==== DATA EXCERPTS
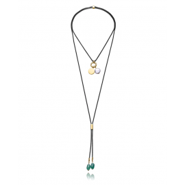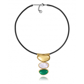 Collar de resina y latón bañado. Acabado e-coating. Cierre mosquetón y cadena de extensión.
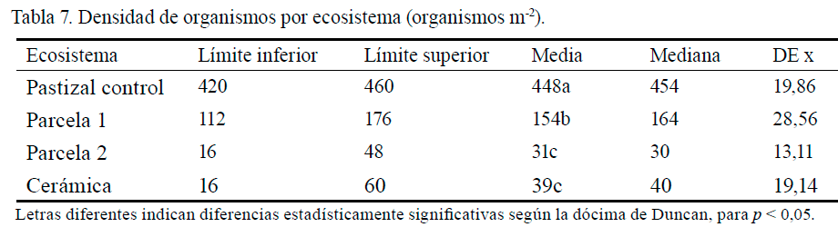 La densidad de organismos mantuvo el siguiente orden: Pastizal > Parcela 1 > Parcela 2 = Cerámica (tabla 7), con diferencias de alrededor de 200 organismos.m-2 entre el ecosistema control y el menos contaminado, lo que representó una disminución del 34,3 %; mientras que con respecto a los otros ecosistemas (Parcela 2 y Cerámica), la densidad disminuyó entre 69,1 y 87,0 %, sin diferencias entre sí, lo que equivale a una disminución de alrededor de 400 organismos m-2. Estos resultados coinciden con los de Feio y Dolédec (2012).
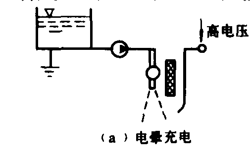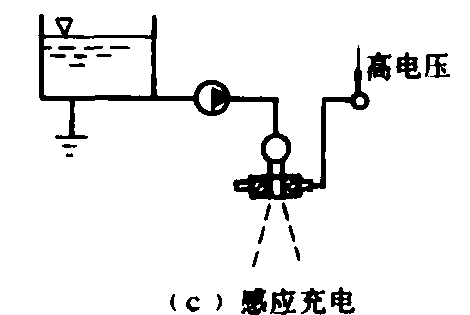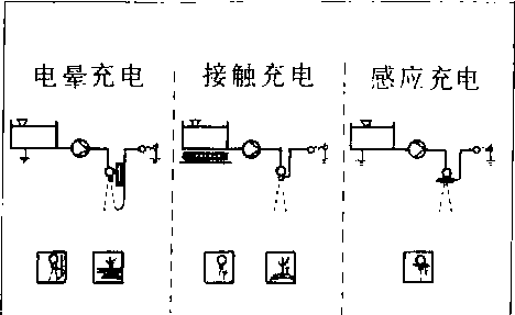 图1 三种充电方法示意图 雾滴充电方法 有电晕充电、接触充电和感应充电等三种(图1)。 电晕充电是在喷头出口雾化区设置一个或多个尖端电极,在通常气压及小输出功率的条件下利用高压电(至少达到空气的绝缘击穿电压,即电场强度为3500伏/毫米以上)及电极尖端的非自持性气体放电,使尖端电极附近形成单极分子电离区,雾滴经过这个电离区时形成带电雾滴。接触充电是高压电(1万伏以上)和即将雾化的药液直接接触,使喷嘴及药液上产生电荷堆积,通过电传导把电荷转移到药液雾流中,使雾滴带电。感应充电是在喷头出口处配置一个感应环,利用静电感应原理,使药滴在经过静电场时,产生感应电荷。要求药液射流末端处在电场强度最大的部位,则静电感应最为显著,药液在雾化过程中受感应而带电。与接触充电相比,在获得同样荷质比的情况下,感应充电所需电压要低得多,大约在3 000伏左右。因此,这种方法有利于保证绝缘。 种类 静电喷雾机有地面喷雾和高空喷雾两种形式。进行地面静电喷雾的主要机具有手持式静电喷雾器、背负式机动静电喷雾机和大型静电喷雾机等,一般均属微量喷雾。高空静电喷雾主要由农用飞机来实现。 手持式静电喷雾器 结构如图2。用干电池或小型蓄电池提供6伏电源,经振荡变压由倍压整流得到1~2万伏的直流高压,用接触充电法使药液在高速转盘雾化过程中形成荷电雾流。
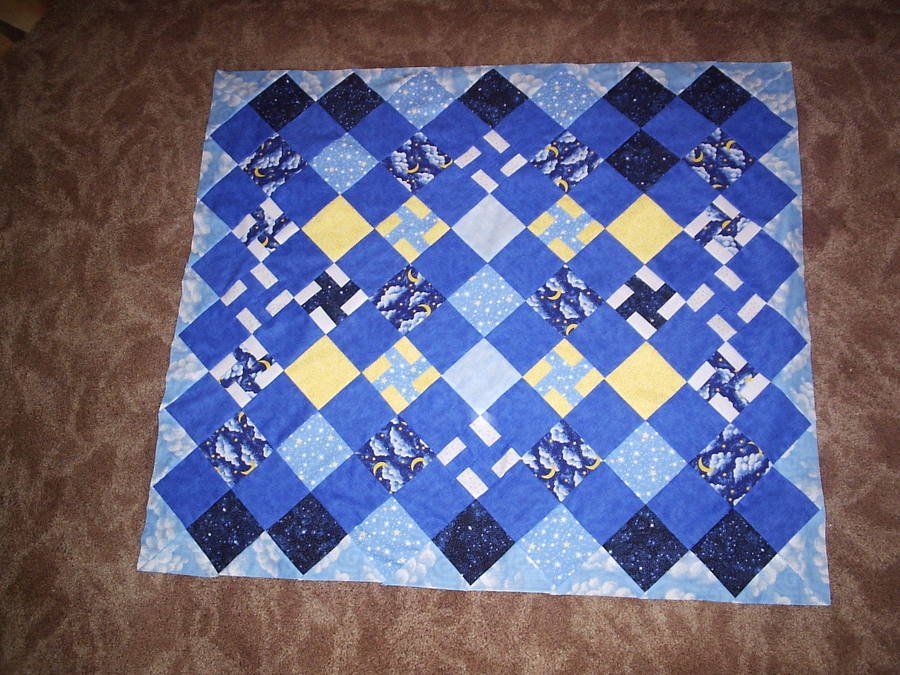 | Design Source - Description | This was made of all blue sky, moon, star fabrics and sunny yellows for the birth of my grandson, Max in November of 06. This was my very first quilt. |
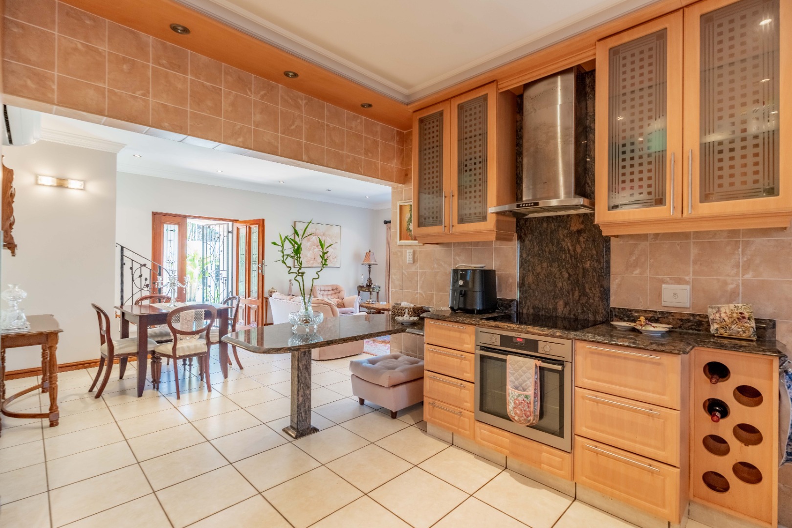 The chef's kitchen, fitted with top of the range appliances, opens directly onto the patio-ideal for effortless entertaining. A spacious guest suite with ensuite bathroom and sliding doors to the pool is located on the lower level, along with a guest cloakroom.
========
:: YOUR GOAL ::
Apart from the pictures, every line above must be printed exactly.

:: ANSWER BOX ::
 Collar de resina y latón bañado. Acabado e-coating. Cierre mosquetón y cadena de extensión.
 La densidad de organismos mantuvo el siguiente orden: Pastizal > Parcela 1 > Parcela 2 = Cerámica (tabla 7), con diferencias de alrededor de 200 organismos.m-2 entre el ecosistema control y el menos contaminado, lo que representó una disminución del 34,3 %; mientras que con respecto a los otros ecosistemas (Parcela 2 y Cerámica), la densidad disminuyó entre 69,1 y 87,0 %, sin diferencias entre sí, lo que equivale a una disminución de alrededor de 400 organismos m-2. Estos resultados coinciden con los de Feio y Dolédec (2012).
 图1 三种充电方法示意图 雾滴充电方法 有电晕充电、接触充电和感应充电等三种(图1)。 电晕充电是在喷头出口雾化区设置一个或多个尖端电极,在通常气压及小输出功率的条件下利用高压电(至少达到空气的绝缘击穿电压,即电场强度为3500伏/毫米以上)及电极尖端的非自持性气体放电,使尖端电极附近形成单极分子电离区,雾滴经过这个电离区时形成带电雾滴。接触充电是高压电(1万伏以上)和即将雾化的药液直接接触,使喷嘴及药液上产生电荷堆积,通过电传导把电荷转移到药液雾流中,使雾滴带电。感应充电是在喷头出口处配置一个感应环,利用静电感应原理,使药滴在经过静电场时,产生感应电荷。要求药液射流末端处在电场强度最大的部位,则静电感应最为显著,药液在雾化过程中受感应而带电。与接触充电相比,在获得同样荷质比的情况下,感应充电所需电压要低得多,大约在3 000伏左右。因此,这种方法有利于保证绝缘。 种类 静电喷雾机有地面喷雾和高空喷雾两种形式。进行地面静电喷雾的主要机具有手持式静电喷雾器、背负式机动静电喷雾机和大型静电喷雾机等,一般均属微量喷雾。高空静电喷雾主要由农用飞机来实现。 手持式静电喷雾器 结构如图2。用干电池或小型蓄电池提供6伏电源,经振荡变压由倍压整流得到1~2万伏的直流高压,用接触充电法使药液在高速转盘雾化过程中形成荷电雾流。
 | Design Source - Description | This was made of all blue sky, moon, star fabrics and sunny yellows for the birth of my grandson, Max in November of 06. This was my very first quilt. |
 The chef's kitchen, fitted with top of the range appliances, opens directly onto the patio-ideal for effortless entertaining. A spacious guest suite with ensuite bathroom and sliding doors to the pool is located on the lower level, along with a guest cloakroom.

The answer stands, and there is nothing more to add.